20. The purified nucleic acid of claim 18, wherein expression of said purified nucleic acid in a plant cell results in a fusion protein having decreased stability when compared to the stability of said protein of interest engineered without fusion to said nucleic acid fragment from position 1 to position 4831 of SEQ ID NO:7 expressed in a plant cell of the same species.

21. The purified nucleic acid of claim 18 or 20, wherein nucleotides at positions 1096-1098 of SEQ ID NO:7 encode alanine or tyrosine.

22. A fusion protein comprising SEQ ID NO:2 fused to an amino acid sequence of interest.

23. The fusion protein of claim 22, wherein said fusion protein has increased stability in a plant cell compared to said amino acid sequence of interest in a plant cell of the same species.

24. A fusion protein comprising SEQ ID NO:4 fused to an amino acid sequence of interest.

25. The fusion protein of claim 24, wherein said fusion protein has increased stability in a plant cell compared to said amino acid sequence of interest in a plant cell of the same species.

26. A fusion protein comprising SEQ ID NO:6 fused to an amino acid sequence of interest.

27. The fusion protein of claim 26, wherein said fusion protein has increased stability in a plant cell compared to said amino acid sequence of interest in a plant cell of the same species.

28. The fusion protein of claim 26, wherein said fusion protein has decreased stability in a plant cell compared to said amino acid sequence of interest in a plant cell of the same species.

29. The fusion protein of claim 26 or 28, wherein the amino acid at position 366 of SEQ ID NO:6 is alanine or tyrosine.

30. A fusion protein comprising SEQ ID NO:8 fused to an amino acid sequence of interest.

31. The fusion protein of claim 30, wherein said fusion protein has increased stability in a plant cell compared to said amino acid sequence of interest in a plant cell of the same species.

32. The fusion protein of claim 30, wherein said fusion protein has decreased stability in a plant cell compared to said amino acid sequence of interest in a plant cell of the same species.

33. The fusion protein of claim 30 or 32, wherein the amino acid at position 366 of SEQ ID NO:8 is alanine or tyrosine.

34. A vector purified nucleic acid encoding a fusion protein comprising SEQ ID NO:2 fused to an amino acid sequence of interest.

35. A vector comprising a purified nucleic acid encoding a fusion protein comprising SEQ ID NO:2 fused to an amino acid sequence of interest.

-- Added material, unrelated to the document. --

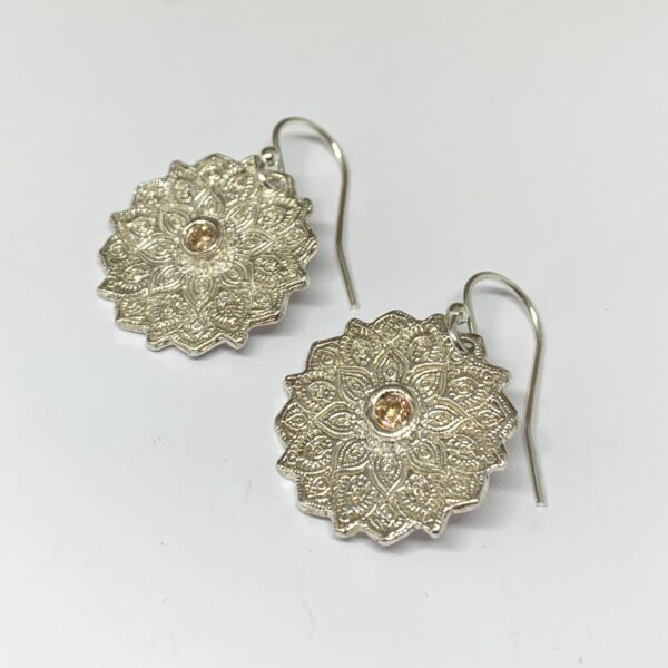 Diese wunderschönen, handgemachten Ohrhänger aus Silber wurden liebevoll von Simone Wyss hergestellt. Die Anhänger mit der filigranen Mandalatextur haben ein Mass von 21 x 21 mm, gemessen ohne Ohrhacken. Die Ohrhacken aus Silber haben eine Länge von 1,7 cm.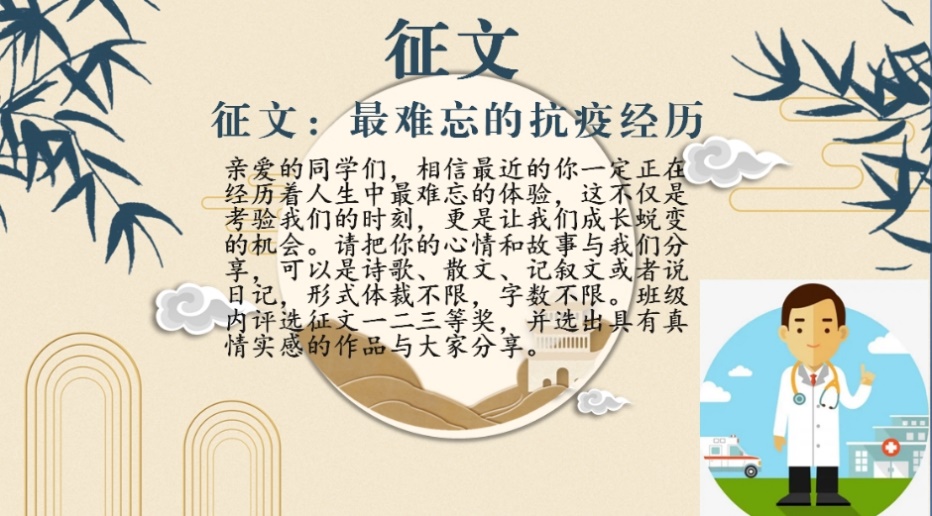 同时,她还发起线上语文征文活动《最难忘的抗疫经历》,鼓励学生积极表达情绪、记录生活。在班级内评选优秀作品一二三等奖,并选出具有真情实感的作品与大家分享。

36. A plant cell transformed by a vector comprising a purified nucleic acid, said purified nucleic acid selected from the group consisting of a purified nucleic acid encoding a fusion protein comprising SEQ ID NO:2 fused to an amino acid sequence of interest, a purified nucleic acid encoding a fusion protein comprising SEQ ID NO:4 fused to an amino acid sequence of interest; a purified nucleic acid encoding a fusion protein comprising SEQ ID NO:6 fused to an amino acid sequence of interest; and a purified nucleic acid encoding a fusion protein comprising SEQ ID NO:8 fused to an amino acid sequence of interest.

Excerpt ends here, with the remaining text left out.